En verdad les digo que no me ha resultado sencillo asimilar semejante situación. Tanto es así que antes de convencerme efectué varios traslados espacio-temporales entre Buenos Aires y Zaragoza y viceversa. Por las noches entraba en la confitería La Paz y cuando salía lo hacía por las puertas de La Republicana.
A medida que ganaba confianza en los viajes, también lo hacía con el anciano que se convirtió en una suerte de mentor para mí. No puedo precisar el tiempo que compartimos porque no estoy muy seguro de mis referencias temporales, pero estimo que hemos estado juntos el tiempo suficiente como para que yo entendiera todo aquello que no se podía explicar.
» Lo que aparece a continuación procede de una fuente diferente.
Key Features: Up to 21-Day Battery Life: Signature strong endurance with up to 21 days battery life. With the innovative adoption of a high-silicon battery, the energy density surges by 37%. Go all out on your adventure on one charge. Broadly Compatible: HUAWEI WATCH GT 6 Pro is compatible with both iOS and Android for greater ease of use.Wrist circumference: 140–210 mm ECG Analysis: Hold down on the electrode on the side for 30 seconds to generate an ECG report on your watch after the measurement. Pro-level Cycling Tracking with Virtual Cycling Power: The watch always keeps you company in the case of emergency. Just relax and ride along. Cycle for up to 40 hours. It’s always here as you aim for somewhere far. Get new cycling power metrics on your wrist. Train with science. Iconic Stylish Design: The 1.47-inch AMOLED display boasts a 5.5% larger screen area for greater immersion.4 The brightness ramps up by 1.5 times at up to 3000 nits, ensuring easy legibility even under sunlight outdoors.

Ahora que lo pienso, sé que he sido escogido como discípulo y también sé que nada de lo que ocurrió –antes o durante– fue una casualidad. Todo estaba relacionado: mis certezas y mis dudas, la caminata errante por la Avenida Corrientes, el viejo mago destratado, la conexión entre la confitería La Paz en Buenos Aires y La Republicana en Zaragoza, mi crecimiento interior y la confirmación de mi fe. Tampoco ha sido una casualidad aquel pesado baúl, en el que –según el anciano– sólo se guardaban secretos.
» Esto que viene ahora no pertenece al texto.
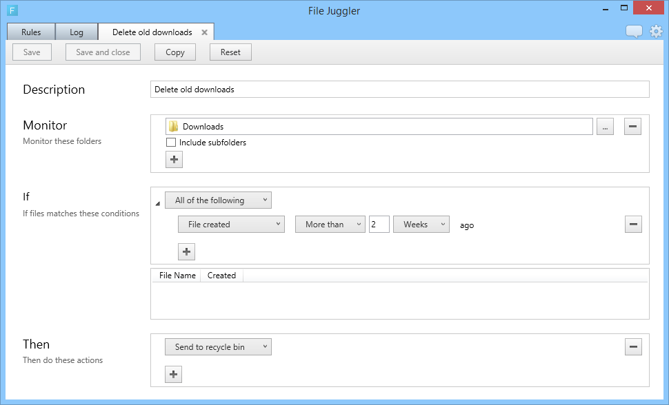 File Juggler is a minimalist application for automating selected file manipulation tasks. By setting rules and conditions, you can configure the behavior of moving, opening, copying, renaming or deleting files.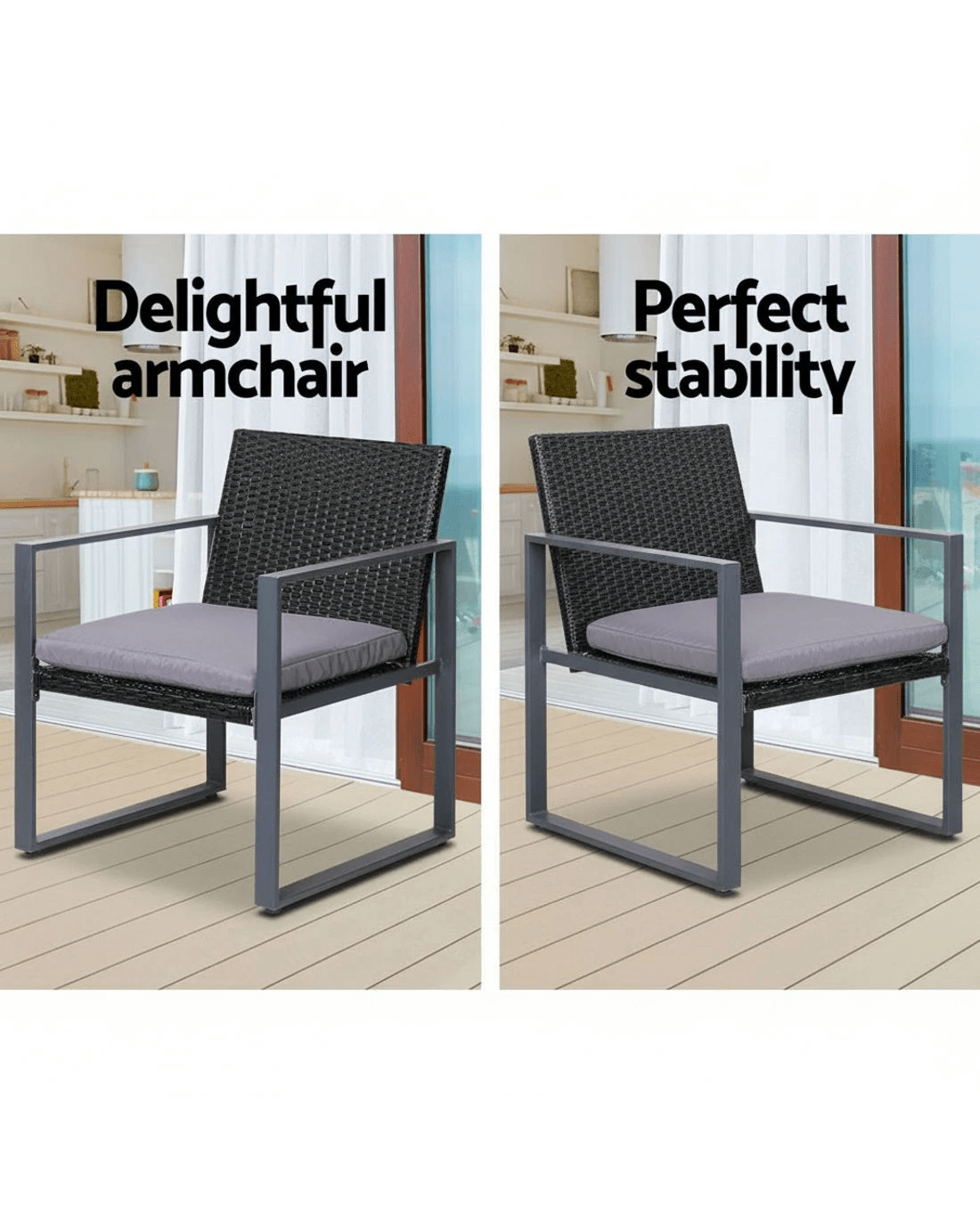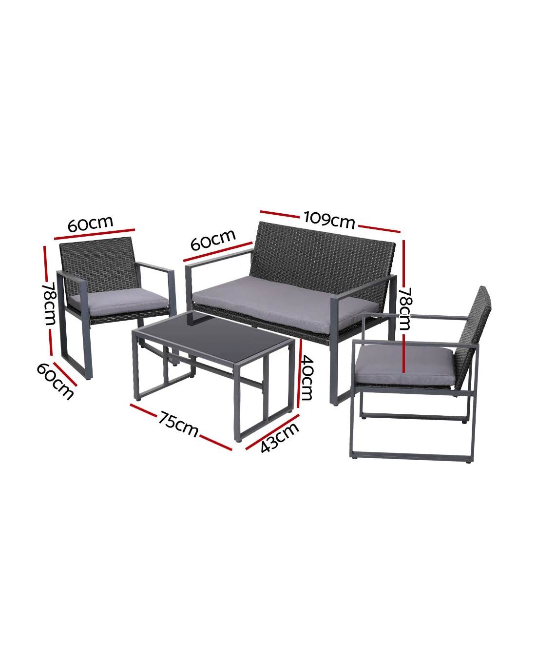 Meticulously crafted, our Gardeon 4-piece Rattan Outdoor Set comprises two armchairs, a two-seater and a matching table for a beautiful integrated look. Its presence will definitely add panache and style to your deck, patio or even living room. Made of PE wicker and a sturdy steel frame, this set is designed to last through all weather and the test of time. The 5mm thick tempered glass top with non-slip suction pads for the table also ensures strong and safe use with total peace of mind. Not least, the cushion covers are removable and washable to maintain their pristine appearance. There is even a bonus storage cover included for you to protect the set from sun and rain when not in use, so that you can keep enjoying your garden parties for many years to come.
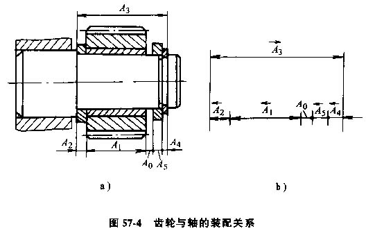 如圖57-4所示的齒輪與軸的軸向裝配關(guān)系簡圖,裝配后要求保證齒輪與熱圈之間的軸向間隙A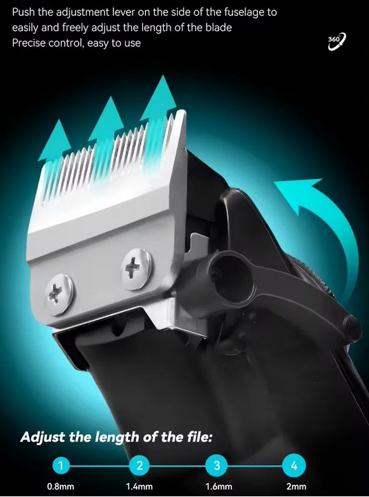 Επαναφορτιζόμενη κουρευτική μηχανή σε εντυπωσιακό σχεδιασμό, με λεπίδα ακριβείας 40mm από ανοξείδωτο ατσάλι, με μεγάλη αυτονομία μπαταρίας, εργονομικό design και αξεσουάρ, κατάλληλη για κάθε είδους περιποίηση σε μαλλιά, γένια και σώμα.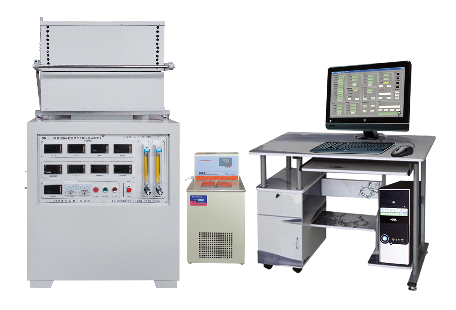 本測(cè)試儀基于YB/T 4130《耐火材料 導(dǎo)熱系數(shù)試驗(yàn)方法(水流量平板法)》測(cè)試標(biāo)準(zhǔn),參照標(biāo)準(zhǔn)的要求,設(shè)備主要由加熱爐、電腦測(cè)控系統(tǒng)、恒壓循環(huán)水系統(tǒng)、量熱器系統(tǒng)等部分構(gòu)成。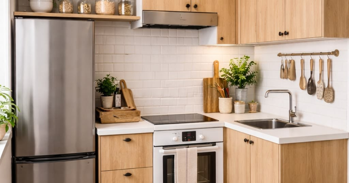 Η διαμόρφωση της κατάλληλης κουζίνας όταν τα τετραγωνικά μέτρα είναι περιορισμένα, δεν είναι πάντα εύκολη υπόθεση. Η συγκεκριμένη αποτελεί ένα εξαιρετικό παράδειγμα μοντέρνου, σκανδιναβικού σχεδιασμού, όπου η λειτουργικότητα συναντά τη ζεστή αισθητική. Κυριαρχούν οι ανοιχτόχρωμες ξύλινες επιφάνειες στα ντουλάπια, οι οποίες συνδυάζονται αρμονικά με τις λευκές επιφάνειες εργασίας και το κλασικό λευκό πλακάκι “subway” στο backsplash. Γιατί είναι όμως ιδανικό σχέδιο για πιο μικρούς χώρους;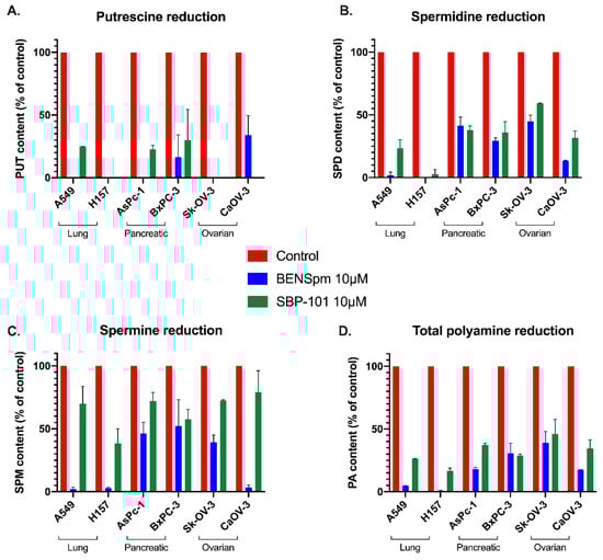 The spermine analogue BENSpm is biochemically well-characterized for its ability to influence polyamine metabolism and deplete intracellular polyamine pools. BENSpm has been shown to decrease polyamine pools by downregulating both rate-limiting biosynthetic enzymes, ODC and S-adenosylmethionine decarboxylase (AdoMetDC), as well as inducing spermidine/spermine N1-acetyltransferase (SSAT) and spermine oxidase (SMOX) [,,,]. Lung, pancreatic, and ovarian adenocarcinoma cell lines were treated for 24 h with 10 μM of either BENSpm or SBP-101 to compare how these molecules influence the polyamine pools. The treatment with SBP-101 resulted in at least a 75% reduction in putrescine levels in all of the tested cell lines, except BxPC-3 (Figure 3A). The BENSpm treatment produced a similar response with all of the cell lines (except BxPC-3), reducing the putrescine levels to below detectable amounts. The SBP-101 treatment produced a reduction in spermidine levels in all of the treated cell lines (Figure 3B). AsPc-1, BxPC-3, and CaOV-3 showed an approximately 65% reduction in the spermidine levels, while Sk-OV-3, A549, and H157 showed reductions ranging between 85% and 100%. BENSpm similarly reduced the spermidine levels in all of the cell lines. The spermine levels showed a limited response to the SBP-101 treatment, with only two cell lines showing a reduction of spermine levels near 50% (Figure 3C). The BENSpm treatment resulted in a varying reduction in the spermine levels in all of the cell lines, ranging from 55–95%. The SBP-101 treatment reduced the overall polyamine content by at least 50% in all of the test cell lines (Figure 3D). Both analogues, BENSpm and SBP-101, were successfully taken up by the cells (Table 2), and while the accumulation varies slightly between the cell lines, the concentration of the intracellular analogue does not directly correlate to the cell line response.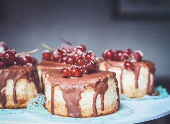 Выньте десерт из холодильника и полейте растопленным шоколадом. Поставьте в холодильник еще на полчаса. Украсьте сверху свежей клубникой или другими ягодами перед подачей.

Hoy soy conocido en más de cincuenta ciudades como El Heredero del Mago Aragonés. He encontrado y utilizado al menos medio centenar de portales que se comunican entre sí y todos tienen en común una ambientación que no pasa inadvertida, como si de algún modo detuvieran el tiempo en su interior. No son necesariamente iguales, a veces ni siquiera se parecen, pero siempre hay en esas locaciones especiales algún objeto que las vincula. Todos ellos fueron dejados por el anciano y trasladados en aquel viejo baúl. Funcionan como referencias espaciales o como el Hilo de Ariadna, evitando que los viajeros e iniciados se pierdan al acometer sus extremas travesías, pues esos objetos no son propios de los lugares donde se encuentran en la actualidad, sino que son naturales de los sitios de donde fueron quitados, aunque con loable e imprescindible fin.
Por caso, si van a la confitería La Paz y escogen la mesa distante y solitaria, advertirán que el servilletero que está sobre ella es distinto a todos los demás y por cierto igual a todos los que están en La Republicana. Lo mismo ocurre con la antigua balanza Berkel que está sobre uno de los mostradores de La Republicana y es considerada un regalo de aquel viejo mago, puesto que en realidad perteneció originalmente a la confitería La Paz, y en ésta nunca determinaron cómo fue que hubo desaparecido.   
Cerca del final de sus días, pude saber por boca del mismo anciano que en la ocasión que nos conocimos él trasladaba dentro del baúl un piano de cola pequeño que había “tomado” de un café-concert de París para llevarlo a un restaurante de la Quinta Avenida de Nueva York. Como la tarea nunca se completó, seré yo el que la concluya en su honor y como tributo a su apreciada memoria.
De más está decir que fue por El Mago Aragonés que confirmé que la magia, magia es, y que los secretos pesan más allá de la conciencia.